With yesterday being May Day, which annoyingly is not a holiday in the UK or the US, it got us thinking about the origins of the term mayday, as used in distress calls.
We had heard that mayday comes from the French expression venez m'aider (come help me), which when you think about the distress signal, makes a lot of sense. When using mayday, the actual distress signal is repeated three times as "mayday, mayday, mayday" to avoid confusion with someone merely discussing a mayday signal.
|US Navy air traffic controllers aboard the USS Iwo Jima|
Just like the NATO Alphabet, there are several key terms and phrases used in radio transmissions, in particular by the military, mariners, and those in aviation and emergency services due to how much they rely on radio communication.
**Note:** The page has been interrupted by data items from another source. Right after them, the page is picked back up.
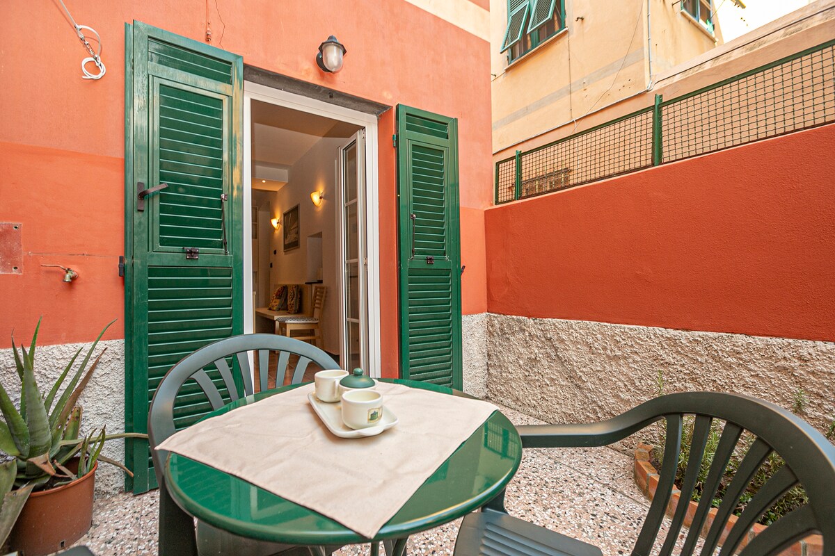 Curatissimo silenzioso apt 2 posti letto recentemente ristrutturato, a 5 minuti dalla spiaggia di Vernazzola e dalla stazione di Sturla. Dista 1,5 km dal Gaslini e dal San Martino, e 10 minuti a piedi da Boccadasse. Camera matrimoniale, un bagno e una zona giorno con cucina attrezzata e divano, oltre a un balcone e un piccolo giardino terrazzato per pranzi all'aperto. Aria condizionata, monitor (solo streaming no sintonizzatore) e wifi ultra veloce, utile per utilizzi lavorativi. PARK GRATIS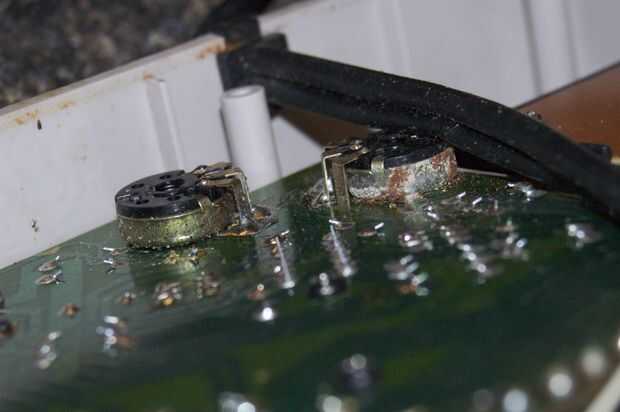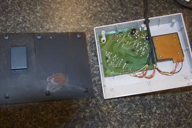 El interior de la mina se ve bastante mal. Hay un punto grande de moho en la base y hay mugre o algo por todo el interior. Puede ver la suciedad y óxido en los potenciómetros.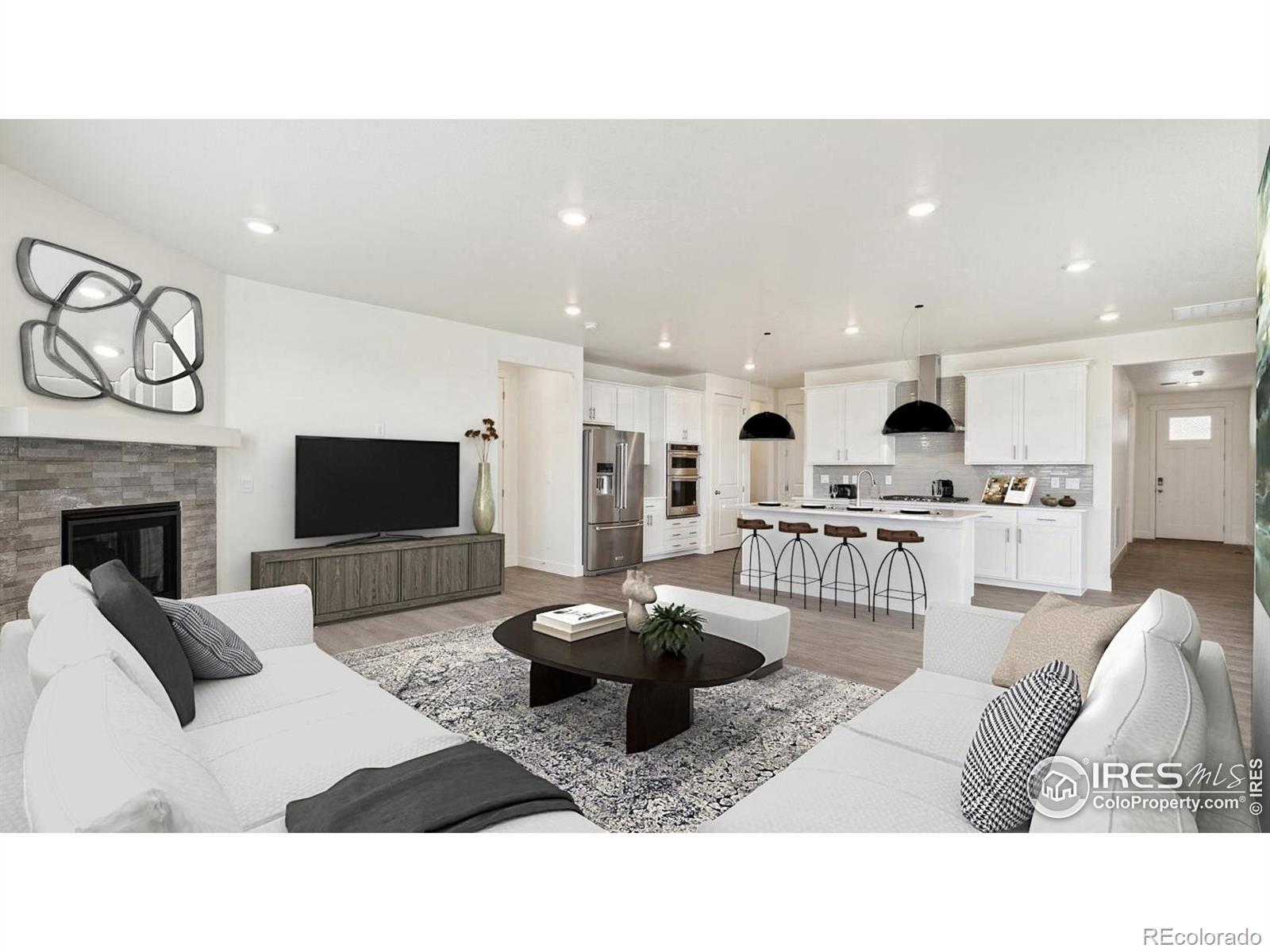 The Grover, a stunning upscale ranch-style home is designed for modern living. This thoughtfully crafted residence boasts 3 bedrooms, 2 bathrooms, and a versatile study, all conveniently located on the main level. The oversized 2.5-car garage offers ample space. Step into the upgraded white gourmet kitchen, featuring premium KitchenAid appliances, a gas cooktop with vent hood, wall oven, pot drawers, and soft-close cabinetry. The expansive quartz island comfortably seats four, while the adjacent dining area is perfect for large gatherings. The great room, anchored by a tiled fireplace, seamlessly connects to the covered patio through a triple slider, creating an inviting indoor-outdoor flow. This home is equipped with smart home features, including Deako light switches, a tankless water heater, and a solar conduit from the basement to the roof. Additional highlights include an unfinished basement, 8-foot doors, active radon system, and a high-efficiency design. The Grover combines luxury, functionality, and sustainability for an exceptional living experience. The Vantage neighborhood includes a unique set of features and amenities such as TPC Colorado privileges including use of their world-class Fitness Center, Resort Style Pool with swim-up bar and hot tub, and restaurants. Use of Vantage Pool, Splashpad, Grilling Area, Playground and 2 Dog Parks in the 5-acre, on-site complex are also included in the HOA. ***Photos are representative and not of actual property***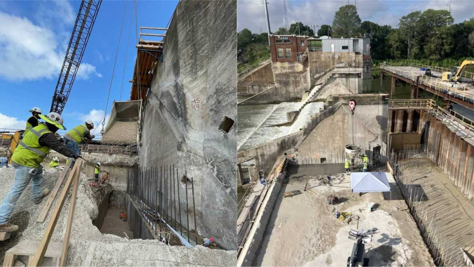 - Continue dam armoring earthwork, and concrete placements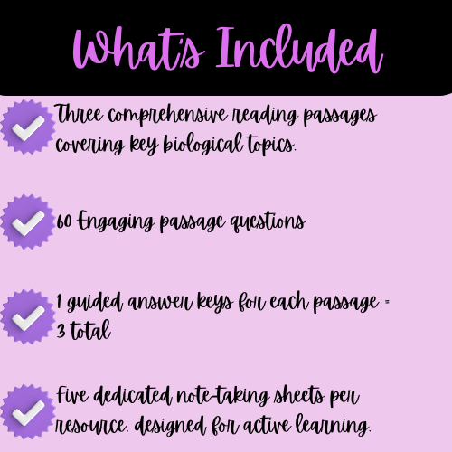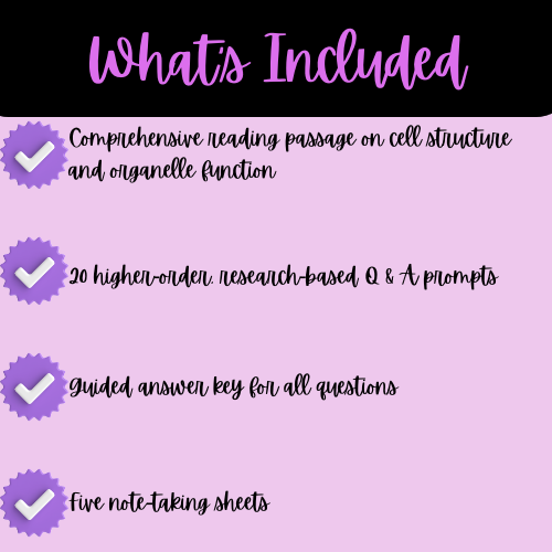 High School Cell Structure & Organelles Functions Reading Passage, Q & A, & Note-Taking Sheets

The protocol for using particular code words that are more intelligible by radio transmission is known as a voice procedure and today we'll be going through a few of their origins.
Just like mayday, there is pan-pan which also comes from French. It's an Anglicisation of the French word panne, which can mean broken. Again, this is repeated to avoid confusion with messages that are not the distress signal itself. Pan-pan signals are less severe than mayday.
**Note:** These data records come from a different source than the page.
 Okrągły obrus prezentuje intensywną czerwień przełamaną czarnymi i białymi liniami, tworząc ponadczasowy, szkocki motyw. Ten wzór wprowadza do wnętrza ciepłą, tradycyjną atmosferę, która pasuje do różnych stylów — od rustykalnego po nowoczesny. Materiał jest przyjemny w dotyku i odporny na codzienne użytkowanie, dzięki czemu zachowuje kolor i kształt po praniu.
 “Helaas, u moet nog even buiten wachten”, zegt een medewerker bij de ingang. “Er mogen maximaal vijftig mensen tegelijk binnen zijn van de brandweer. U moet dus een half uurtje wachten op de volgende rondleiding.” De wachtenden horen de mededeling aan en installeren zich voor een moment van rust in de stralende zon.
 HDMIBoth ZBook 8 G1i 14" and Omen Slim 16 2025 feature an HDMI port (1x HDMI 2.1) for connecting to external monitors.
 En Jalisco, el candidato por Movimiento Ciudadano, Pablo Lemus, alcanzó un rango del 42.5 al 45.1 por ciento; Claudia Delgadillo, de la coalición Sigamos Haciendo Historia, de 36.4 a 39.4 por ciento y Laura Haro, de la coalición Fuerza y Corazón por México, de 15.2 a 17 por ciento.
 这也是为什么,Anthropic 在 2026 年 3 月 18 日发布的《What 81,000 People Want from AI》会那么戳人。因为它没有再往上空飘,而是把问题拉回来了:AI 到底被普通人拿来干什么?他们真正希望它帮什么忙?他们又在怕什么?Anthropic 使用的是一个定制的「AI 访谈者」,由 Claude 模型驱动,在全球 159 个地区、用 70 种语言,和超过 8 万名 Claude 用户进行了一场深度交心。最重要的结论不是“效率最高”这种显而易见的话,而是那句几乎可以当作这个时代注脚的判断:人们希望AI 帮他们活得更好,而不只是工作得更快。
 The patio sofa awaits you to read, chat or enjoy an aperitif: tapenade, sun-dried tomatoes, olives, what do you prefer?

Securite, which is pronounced like the French word sécurité, is used for safety information.
Most of the other terms used come from English. Common words like yes and no are replaced with affirmative and negative. In aviation, affirm is preferred as otherwise both words end with -tive, which could lead to confusion.
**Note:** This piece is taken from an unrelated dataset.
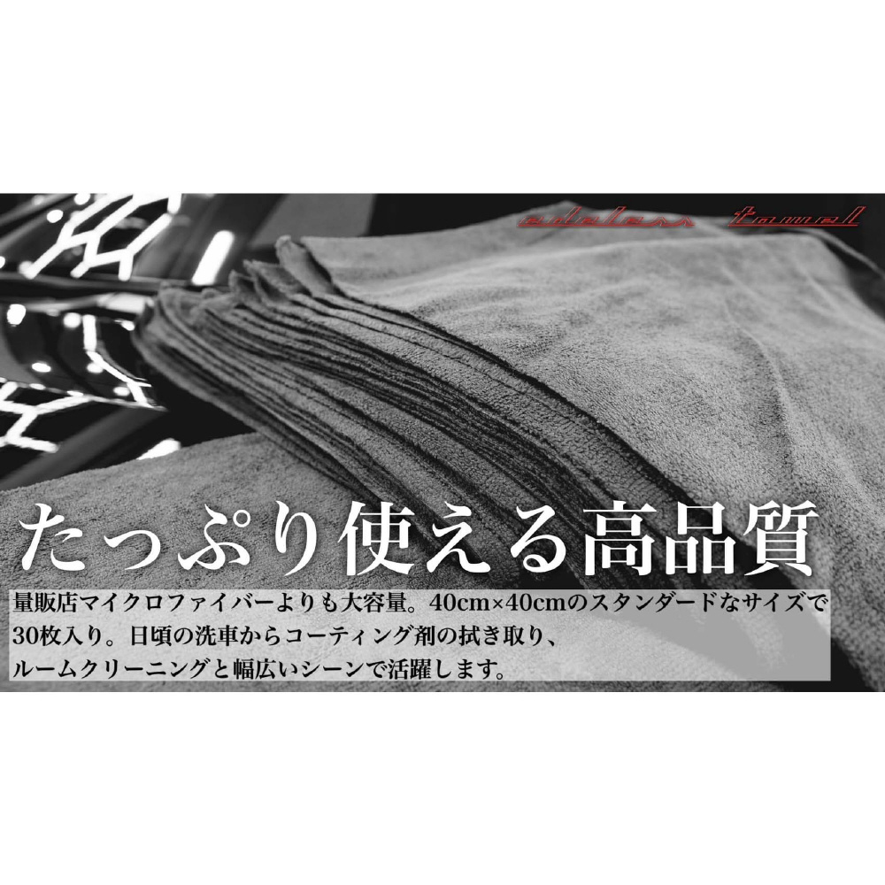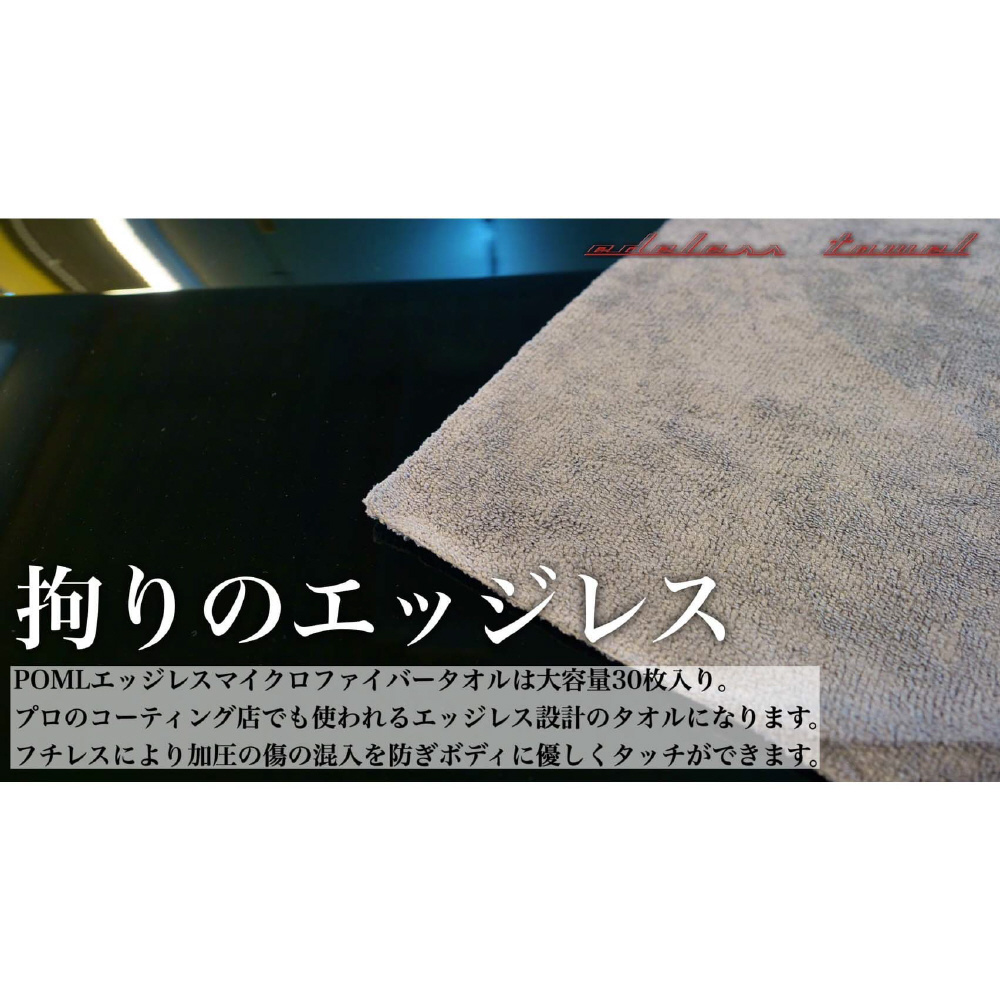 大容量30枚入のマイクロファイバータオルパック。お徳用でも妥協しない、使い勝手の良いマイクロファイバークロス。縁無しのエッジレス設計により拭き傷を限りなく削減できる。ダメージ混入の可能性を削減しながら拭き取りができるので、車に優しい。厚みも控えめなので細かいパーツのふき取りにもご使用いただけます。

|Portuguese Naval ship Sagres|
In addition to affirmative, words and expressions such as ten four, copy, and roger all confirm that a message has been well received, and wilco, a portmanteau of "will comply", means not only that the message has been received, but that any new orders will also be followed. Contrary to popular belief, roger and wilco are never used together, unless that is your name.
The terms over and out are also never used together, since over means that the speaker is finished sending and will be expecting a reply, while out means the speaker is finished sending and will not be expecting a reply because communications are finished.
Aside from all their practical uses, radio procedures can also be useful if you're playing "cops and robbers" or pretending to be army soldiers in the park.